=== Task requirements ===
What's needed: every entry, printed exactly, minus the images.
(Material provided begins)
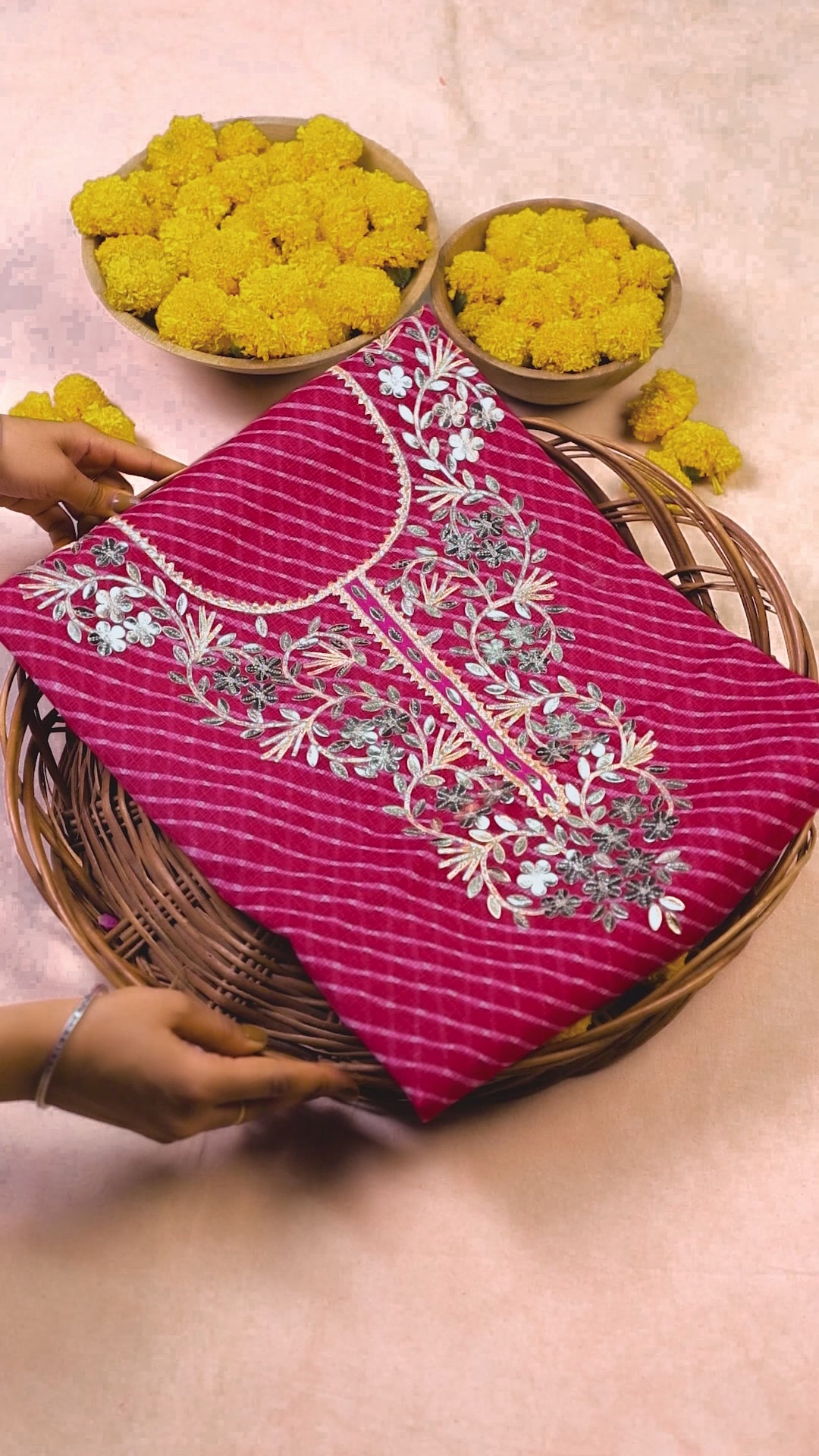Step into timeless elegance with the Rani Radiance Unstitched Suit Set, a captivating ethnic ensemble that beautifully blends traditional craftsmanship with graceful fabric. The Rani color Kota Doria kurta features exquisite sheen golden Gota Patti work, offering a radiant and refined look. Paired with a Rani Lahariya dupatta in matching Kota Doria, adorned with ornate gota detailing, and a Santoon bottom, this suit set brings unmatched charm for festive and cultural occasions.
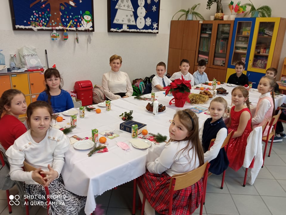 Przy wigilijnym stole zasiadamy nie tylko w gronie rodziny, ale również wśród kolegów z klasy i nauczycieli. Zgodnie z tradycją w dniu 17 grudnia nasi uczniowie radując się wspólnie spędzonym czasem, śpiewali kolędy, składali sobie nawzajem życzenia, ozdabiali pierniczki i częstowali się przygotowanymi przez rodziców smakołykami. Atmosfera przepełniona ciepłem, radością i miłością pozwoliła jeszcze bardziej odczuć, że już za tydzień będziemy świętować w gronie najbliższych Boże Narodzenie.
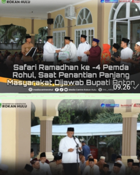 Kunjungan Safari Ramadhan Bupati Rokan Hulu ini menjadi momentum penting bagi warga Payung Sekaki, yang berharap akses transportasi yang lebih layak untuk menunjang ekonomi desa. Suasana kekeluargaan dan syahdu menyelimuti Masjid Raya Al Mubarokah saat buka puasa bersama, menandai harapan baru bagi warga Payung Sekaki di tahun 2026.*(Diki Andi)
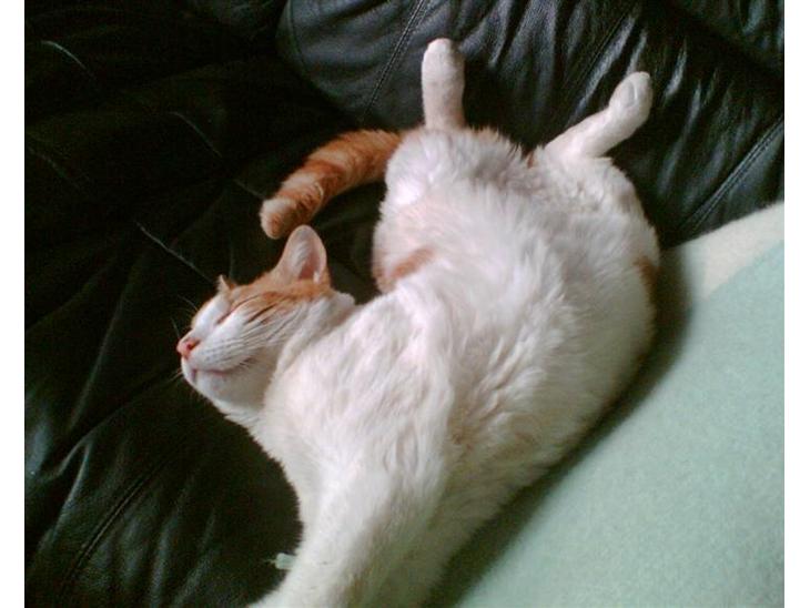 Da vi fik den var den 12 uger som killing. den var en værksteds kat på min fars arbejde. Den faldt ned fra flere meters højde og det var heldigt den overlevede, det er derfor den er skør i dag, men den er somme tider god underholdning. heh. Den kan godt angribe mig engang i mellem, det er fordi den for sådan nogle anfald, men så skal man bare berolige den og snakke den til ro. den er skør, men den er nu sød nok.
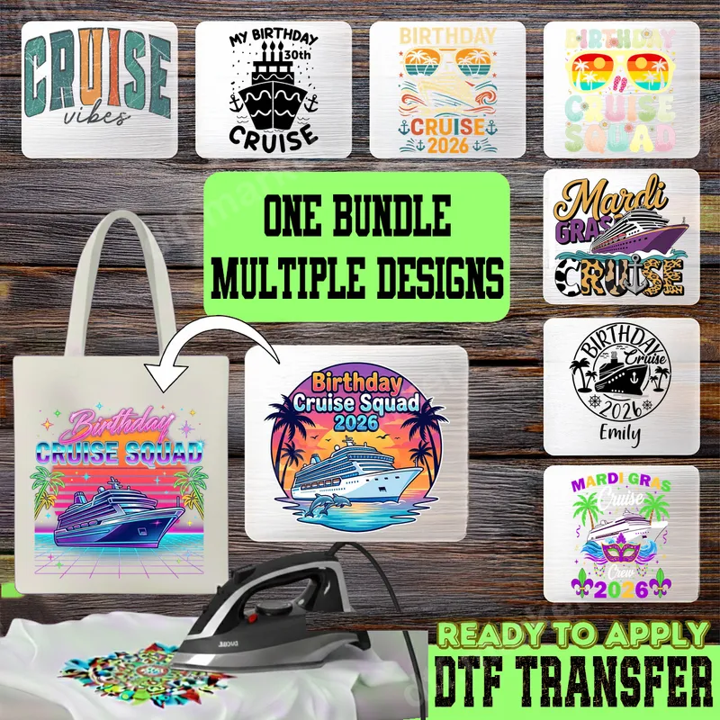 See allEmbark on your next adventure with our exclusive Cruise Vacation DTF Transfer Bundle, featuring multiple vibrant designs perfect for any sea-faring journey. This ready to press collection includes everything from retro "Cruise Vibes" and specific "Birthday Cruise Squad" designs to festive "Mardi Gras Cruise" graphics, ensuring you have the perfect heat transfer for every crew member. Each design captures the excitement of a tropical getaway, with detailed cruise ships, palm trees, and celebratory elements. This versatile bundle is ideal for anyone planning a cruise, whether it's a milestone birthday celebration, a lively Mardi Gras trip, a family vacation, or just a fun group getaway. Create matching shirts for your cruise squad, personalized tote bags, or custom apparel for a memorable trip. These iron on transfers make fantastic gifts for travel enthusiasts and are perfect for pre-cruise party preparations or reunion events. Applying these heat press designs is a breeze! Our premium DTF transfers work seamlessly on a wide range of materials, including cotton, polyester, and various fabric blends. For best results, use a heat press at 300-325°F for 15 seconds with medium pressure. A household iron can also be used with firm, even pressure. Enjoy a weed-free application process, saving you time and effort to focus on your travel plans. Experience professional quality with every application. Our direct to film transfers boast vibrant colors that pop, exceptional durability, and a soft, flexible feel that won't crack or peel. Crafted with high-quality DTF film and strong adhesive, these apparel transfers are designed to withstand countless washes while maintaining their stunning look. Elevate your cruise wardrobe with these ready-to-press transfers that offer both style and longevity.
(Material provided ends)
=== Output of the exercise ===
Step into timeless elegance with the Rani Radiance Unstitched Suit Set, a captivating ethnic ensemble that beautifully blends traditional craftsmanship with graceful fabric. The Rani color Kota Doria kurta features exquisite sheen golden Gota Patti work, offering a radiant and refined look. Paired with a Rani Lahariya dupatta in matching Kota Doria, adorned with ornate gota detailing, and a Santoon bottom, this suit set brings unmatched charm for festive and cultural occasions.
 Przy wigilijnym stole zasiadamy nie tylko w gronie rodziny, ale również wśród kolegów z klasy i nauczycieli. Zgodnie z tradycją w dniu 17 grudnia nasi uczniowie radując się wspólnie spędzonym czasem, śpiewali kolędy, składali sobie nawzajem życzenia, ozdabiali pierniczki i częstowali się przygotowanymi przez rodziców smakołykami. Atmosfera przepełniona ciepłem, radością i miłością pozwoliła jeszcze bardziej odczuć, że już za tydzień będziemy świętować w gronie najbliższych Boże Narodzenie.
 Kunjungan Safari Ramadhan Bupati Rokan Hulu ini menjadi momentum penting bagi warga Payung Sekaki, yang berharap akses transportasi yang lebih layak untuk menunjang ekonomi desa. Suasana kekeluargaan dan syahdu menyelimuti Masjid Raya Al Mubarokah saat buka puasa bersama, menandai harapan baru bagi warga Payung Sekaki di tahun 2026.*(Diki Andi)
 Da vi fik den var den 12 uger som killing. den var en værksteds kat på min fars arbejde. Den faldt ned fra flere meters højde og det var heldigt den overlevede, det er derfor den er skør i dag, men den er somme tider god underholdning. heh. Den kan godt angribe mig engang i mellem, det er fordi den for sådan nogle anfald, men så skal man bare berolige den og snakke den til ro. den er skør, men den er nu sød nok.
 See allEmbark on your next adventure with our exclusive Cruise Vacation DTF Transfer Bundle, featuring multiple vibrant designs perfect for any sea-faring journey. This ready to press collection includes everything from retro "Cruise Vibes" and specific "Birthday Cruise Squad" designs to festive "Mardi Gras Cruise" graphics, ensuring you have the perfect heat transfer for every crew member. Each design captures the excitement of a tropical getaway, with detailed cruise ships, palm trees, and celebratory elements. This versatile bundle is ideal for anyone planning a cruise, whether it's a milestone birthday celebration, a lively Mardi Gras trip, a family vacation, or just a fun group getaway. Create matching shirts for your cruise squad, personalized tote bags, or custom apparel for a memorable trip. These iron on transfers make fantastic gifts for travel enthusiasts and are perfect for pre-cruise party preparations or reunion events. Applying these heat press designs is a breeze! Our premium DTF transfers work seamlessly on a wide range of materials, including cotton, polyester, and various fabric blends. For best results, use a heat press at 300-325°F for 15 seconds with medium pressure. A household iron can also be used with firm, even pressure. Enjoy a weed-free application process, saving you time and effort to focus on your travel plans. Experience professional quality with every application. Our direct to film transfers boast vibrant colors that pop, exceptional durability, and a soft, flexible feel that won't crack or peel. Crafted with high-quality DTF film and strong adhesive, these apparel transfers are designed to withstand countless washes while maintaining their stunning look. Elevate your cruise wardrobe with these ready-to-press transfers that offer both style and longevity.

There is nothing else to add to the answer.